保坂裕信 / haが設計した、神奈川・横浜市の「8つの光庭のある家」です。
往来のある道に面した敷地での計画です。建築家は、外の視線から保護しつつ“光が溢れる住環境”を実現する為に、天窓や高窓から採光する“光庭”を平面に散在させる構成を考案しました。また、施主の望む“ミニマル”も二重壁等を用いて木造で実現しています。
クライアントと土地探しから協働し、土地を決めて建築を建てる順番ではなく、希望の建築が建つ土地を探しました。
購入した土地は、前面道路が敷地の北西側で幅が約6.5m、道路斜線規制は緩い条件ですが、北西側に小学校が位置し児童の行き来なども多いため、建築内部のプライバシーを守りつつ、光が溢れる豊かな住環境の設計を求められました。
クライアントは、デザインに深く興味のある方で、線の少ない繊細なディテールでミニマルなデザインを希望していました。
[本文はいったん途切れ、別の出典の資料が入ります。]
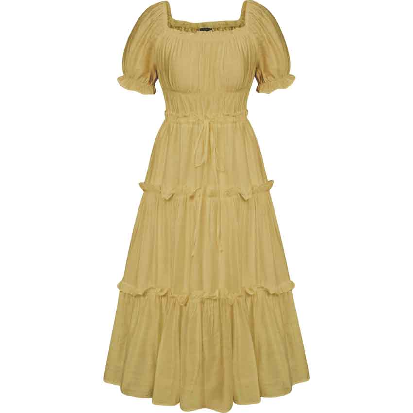 This medieval fantasy dress dress has a multi-tiered, ruffled design. Each tier of the dress has a ruffled line all the way around, gradually flaring out toward the hemline. Its flowing, A-line silhouette and drawstring waist give you a flattering fit.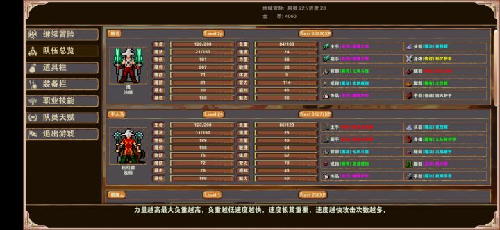 2、进游戏要看下升级潜力值 具体选角色时候有写波动范围,就我个人而言输出职业潜力只要伤害大于10就可以开局了。(选好圣物进游戏后,打开属性记一下自己的伤害和敏捷面板(其他几乎没用),然后选完队友去酒馆吃经验就能升级了,再打开属性面板对比,潜力波动在选择职业时有说明。)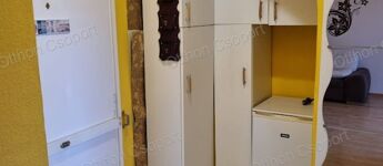 A konyhában gáztűzhely, hűtőszekrény, fagyasztó és mikró, a szobában könyvszekrény, kinyitható kanapé, TV, beépített szekrény található.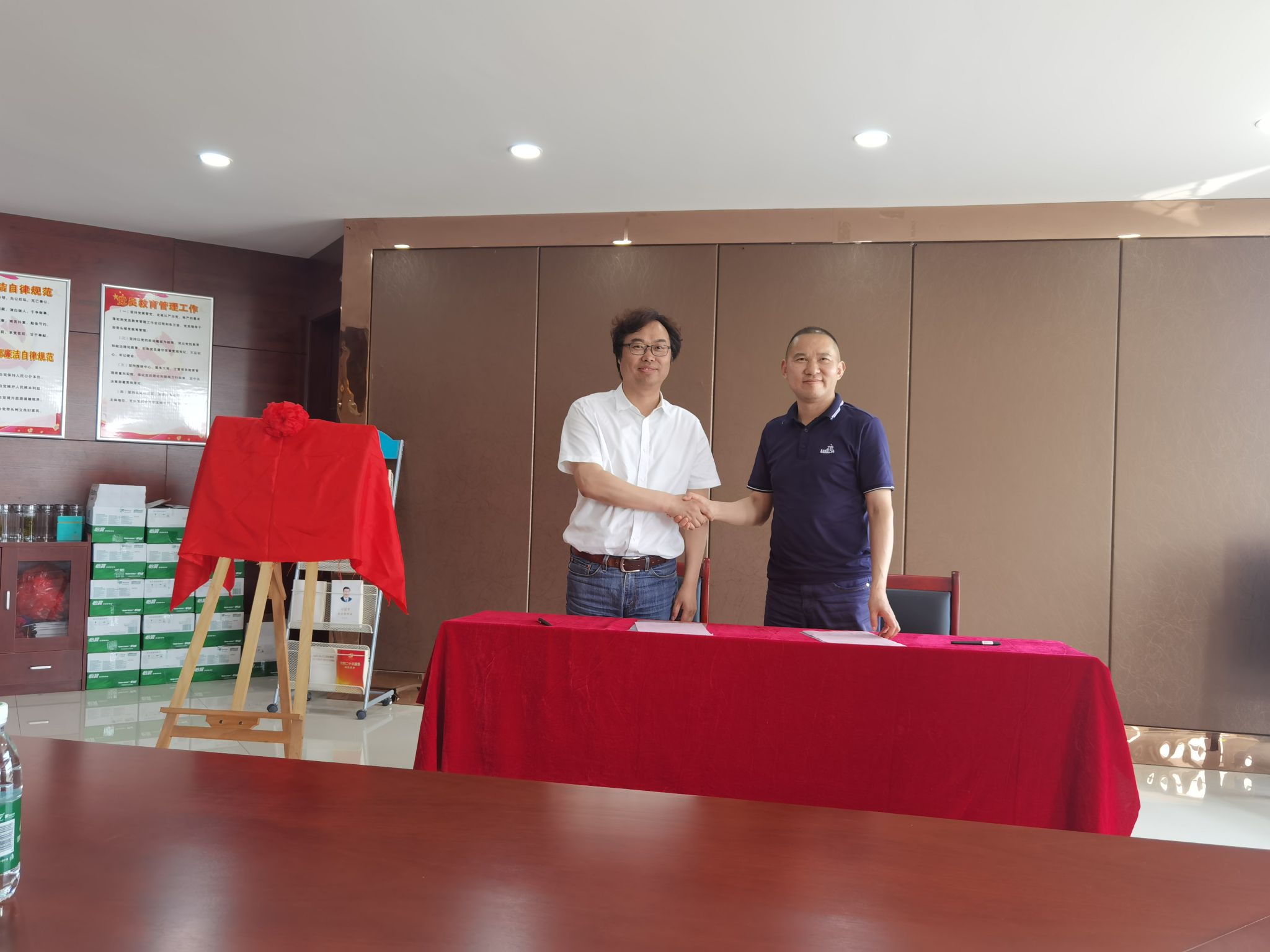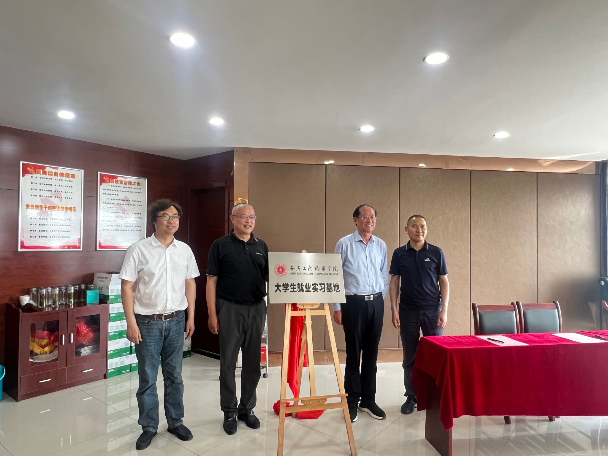 随后,孔成与安徽联胜广告产业园运营公司副总经理李文共同签署了合作协议,并与刘先艾、黄尔维共同为安徽工商职业学院大学生实习实训基地揭牌。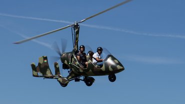 Amikor a kamerával a kezemben beültettek a hátsó sorba, kicsit megilletődtem. Szinte még egy biciklin is jobban körbe vagy védve, annyira szabadon ül az ember. Az előttünk lévő műszerfalat leszámítva körpanorámás az ülés, sehol egy zavaró tényező, lényegében kilóg a lábunk a semmibe. Felzúg a Rotax, és a karbon lapátok szép lassan kitolnak a felszállópályára. Aztán váratlan lódulással nekiindul az alig 280 kilós gép, felpörögnek a rotorok és egyszer csak elemelkedik a gép, pedig még alig haladunk.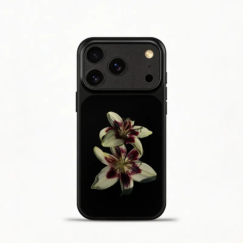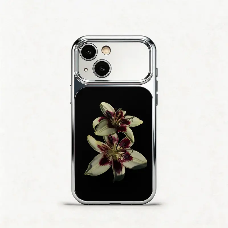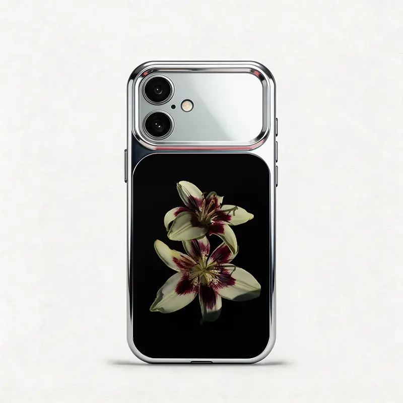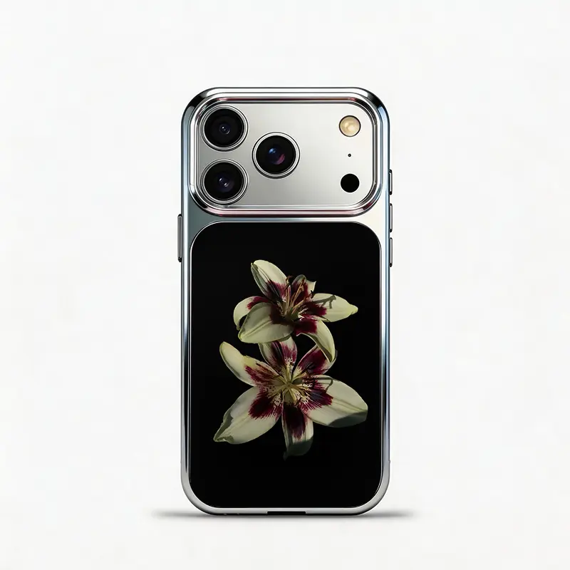 5. Glass Shockproof Electroplated Silver/Black Black Lily of the Valley iPhone 17ProMax Cover Precise Hole Alignment For Lens Frame 15ProMax Anti-yellow | 14ProMax Anti-fall | 13ProMax Ultra-thin Design 16ProMax AirPhoneCase
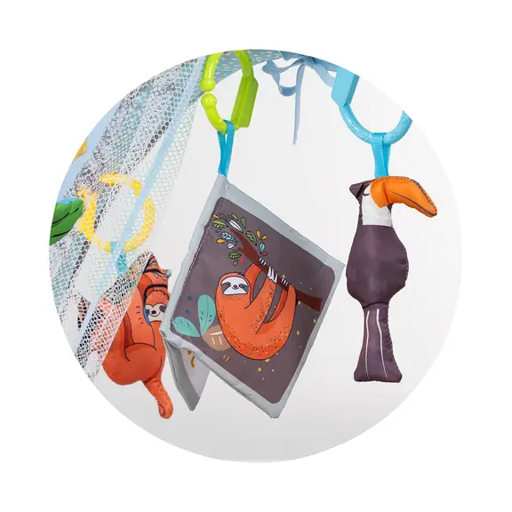 Ova svestrana dječja igraonica s lopticama kombinira zabavu i razvoj u jednom. Mekana podloga za igru s lukovima uključuje razne viseće igračke, ogledalo i šarene loptice, pretvarajući vrijeme igre u avanturu. Pogodno od najranijih mjeseci – za vrijeme igranja na trbuhu, igru na leđima ili kao mini bazen s lopticama za starije bebe.

構造体は、計画当初はRCを希望していました。予算の都合で在来木造になりましたが、いわゆる「木造感」を極力消して、端正な佇まいの建築を求められました。
「構造」に関しては、二層吹き抜けと三層吹き抜けがズレながら重なっているダイナミックな空間構成を現実にするために、在来木造を基準に必要箇所に鉄骨梁を使用する事で成立させました。「光を導く開口部」は、線の少ない繊細なディテールを実現するために、サッシ枠を全てスチールの折り曲げとし、袖壁や垂れ壁を排除する事で室内に光と影の陰影をデザインしました。
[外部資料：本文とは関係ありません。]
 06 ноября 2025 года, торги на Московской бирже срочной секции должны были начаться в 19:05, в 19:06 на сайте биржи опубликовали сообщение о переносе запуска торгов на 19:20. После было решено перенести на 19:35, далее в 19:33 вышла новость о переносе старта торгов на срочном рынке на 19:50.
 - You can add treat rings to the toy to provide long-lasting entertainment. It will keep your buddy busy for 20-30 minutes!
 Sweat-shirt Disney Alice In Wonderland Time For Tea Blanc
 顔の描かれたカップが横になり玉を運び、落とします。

「8個の光庭」は、敷地のポテンシャルを最大限に引き出す意図で敷地内に散在させると共に、隣接する内部空間に必要な光量を導くように配慮しました。「木造感」は、壁の厚みに着目し、要所要所で「W壁」を採用する事、その「W壁」に開口部をデザインし枠に奥行き感を作り出す事で、「木造感」を消す事に成功しています。